На красивой, серебряной излучинѣ Оки, тамъ, гдѣ впадаетъ въ нее тихая Ужва, раскинулся старенькій, тихенькій губернскій городокъ Древлянскъ, славящійся своими вишнями и безподобной антоновкой по всей Россіи. Въ ясные августовскіе дни, когда въ посвѣтлѣвшемъ небѣ курлыкаютъ, прощаясь съ родными болотами, журавли, когда мелькаетъ уже въ зелени деревьевъ золотой листъ и тянутся повсюду серебряныя нити паутины, надъ маленькимъ вокзаломъ городка, надъ его тихими пристанями, надъ всѣми его живописными окрестностями стоитъ густой, сладкій ароматъ антоновки.

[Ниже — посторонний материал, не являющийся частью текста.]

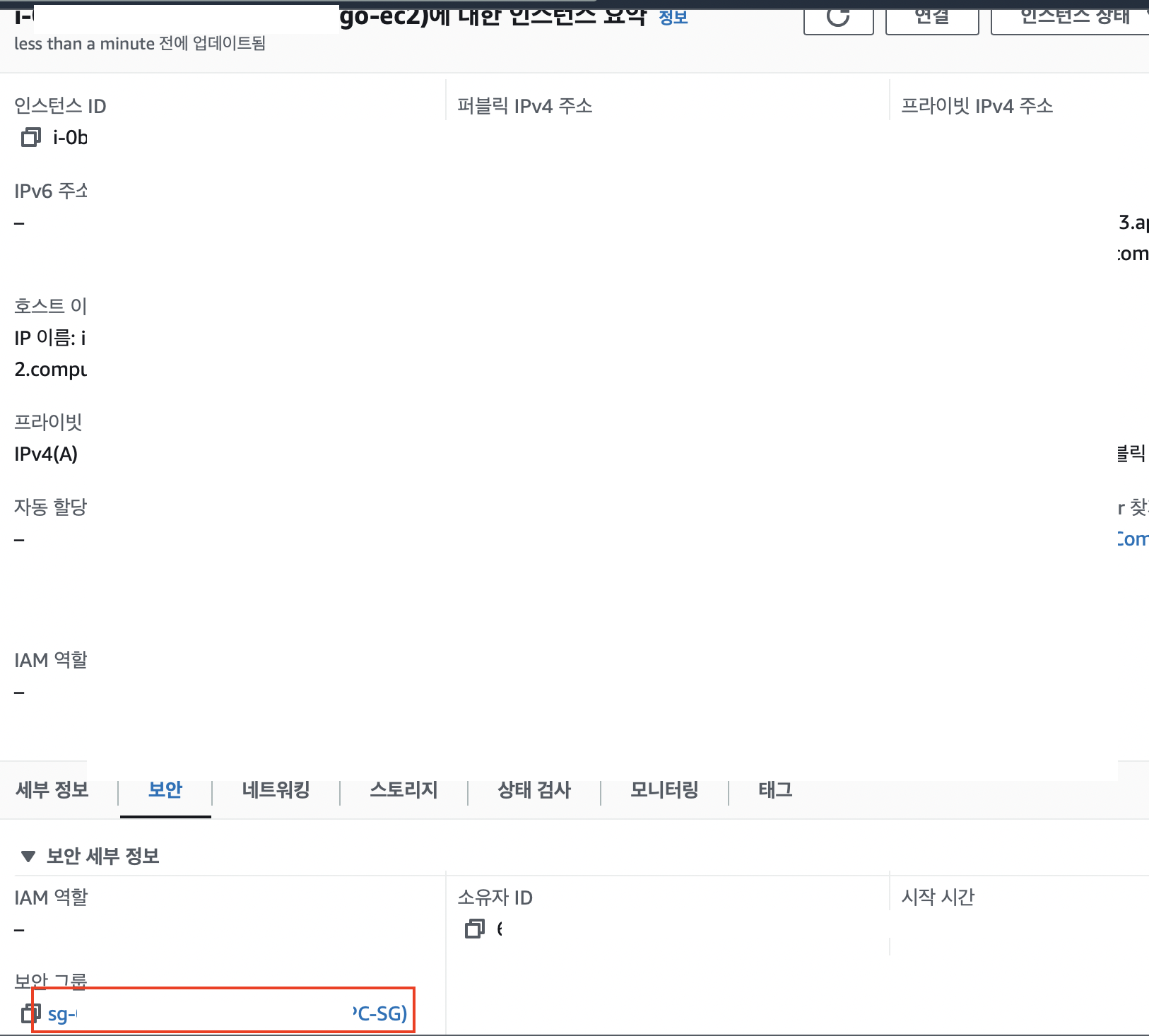 연결할 EC2 인스턴스의 정보 탭에 들어가서, 사용 중인 보안 그룹(Red box)을 클릭합니다.
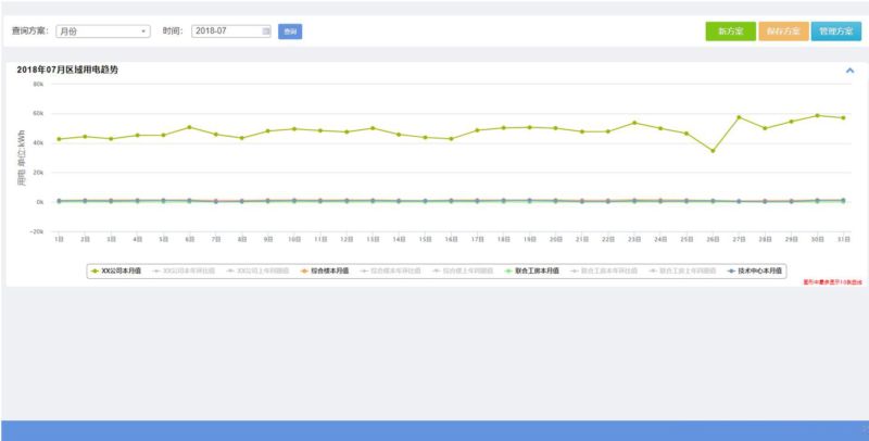 功能介紹:滿足用戶對企業(yè)各區(qū)域能耗的歷史數(shù)據(jù)進行多角度查詢的需要,允許用戶自行定制查詢條件(包括自定義區(qū)域、自定義能耗類型、自定義時間頻率、自定義數(shù)據(jù)類型等),并支持自定義查詢方案的編輯,手動錄入和自動計算的數(shù)據(jù)都在查詢的范圍之內(nèi)。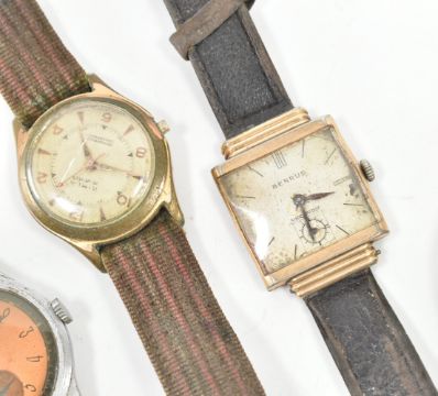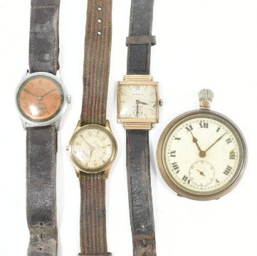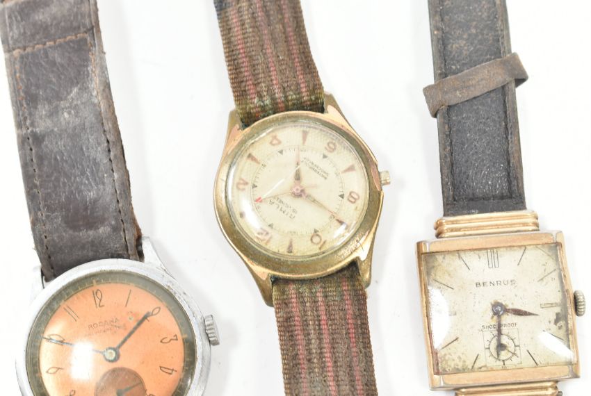 An assorted collection of wrist watches & pocket watch. The lot to include; a gold tone square dial Benrus shockproof wristwatch with leatherette strap, a round face mixed indices Rimla stainless steel back 15 jewels waterproof shockproof antimagnetic Swiss made wristwatch, a Rodana stainless steel antimagnetic Swiss made fond acier inoxysable leatherette strap watch & an Ancre De Precision Swiss made pocket watch. Total weight approx 170.6g. Pocket watch measures approx 6.5cm.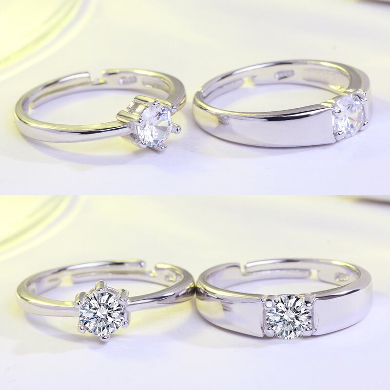 送料無料 ANENJERYシルバーカラーカップルウェディングエンゲージリングジルコン付き彼と彼女のプロミスリングジュエリーS-R14 指輪 銀 アクセサリー AE165594025697138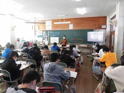 3年3組の教室で、教職経験10年を経過した中堅教諭の研究授業が行われていました。中堅教諭等研修では、教員の能力、適性等に応じた研修を実施し、教科指導、生徒指導等、指導力の向上や得意分野づくりを促すことをねらいとしています。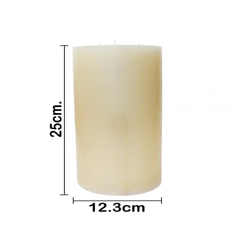Un toque de calidez y elegancia para tu hogar. Esta vela marfil con 3 pabilos es la pieza perfecta para crear un ambiente relajante y sofisticado. Con sus 1630g de peso y medidas de 12.5x20cm, su diseño robusto y atemporal evoca la serenidad, llenando cualquier espacio con un delicado resplandor.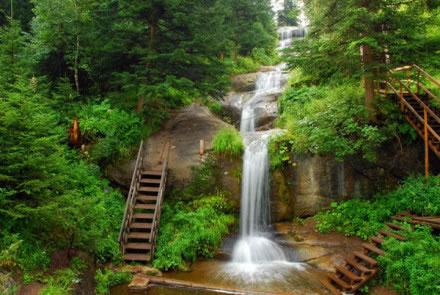九重瀑布位于寧武縣東寨鎮(zhèn)大溝村腳下,在情人谷景點(diǎn)與馬侖草原之間,距東寨鎮(zhèn)約12公里。因其地勢高峻,天藍(lán)氣清,有似入天宇之感,故名“九重瀑布”。瀑布從森林密布的山谷石崖上直瀉而下,全場300余米,落差高達(dá)55米,流量120m/s,負(fù)氧離子28000個(gè)/cm,暑期最高氣溫19°C。

И почему-то въ это время — отъ этого ли солнышка, отъ сладкаго ли духа антоновки, отъ курлыканья журавлей заунывнаго или отъ всего этого вмѣстѣ, — на душу спускается глубокій, ясный покой, и хочется блаженно улыбаться, и такъ легко вѣрится въ счастье… А весной весь городокъ опушится снѣгомъ вишневаго цвѣта, и зарокочутъ соловьи по садамъ, и побурѣетъ и облетитъ вишневый цвѣтъ, и нальются въ темной листвѣ пурпуровыя ягоды, и безчисленные воробьи поведутъ на сады неустанныя аттаки, и по всему городку загремятъ выстрѣлы садоводовъ, безуспѣшно отбивающихъ эти приступы, и опять какъ-то весело дѣлается на душѣ отъ этой пальбы, отъ вида рдѣющихъ на солнышкѣ ягодъ и веселаго блеска полноводной Оки на красивой излучинѣ…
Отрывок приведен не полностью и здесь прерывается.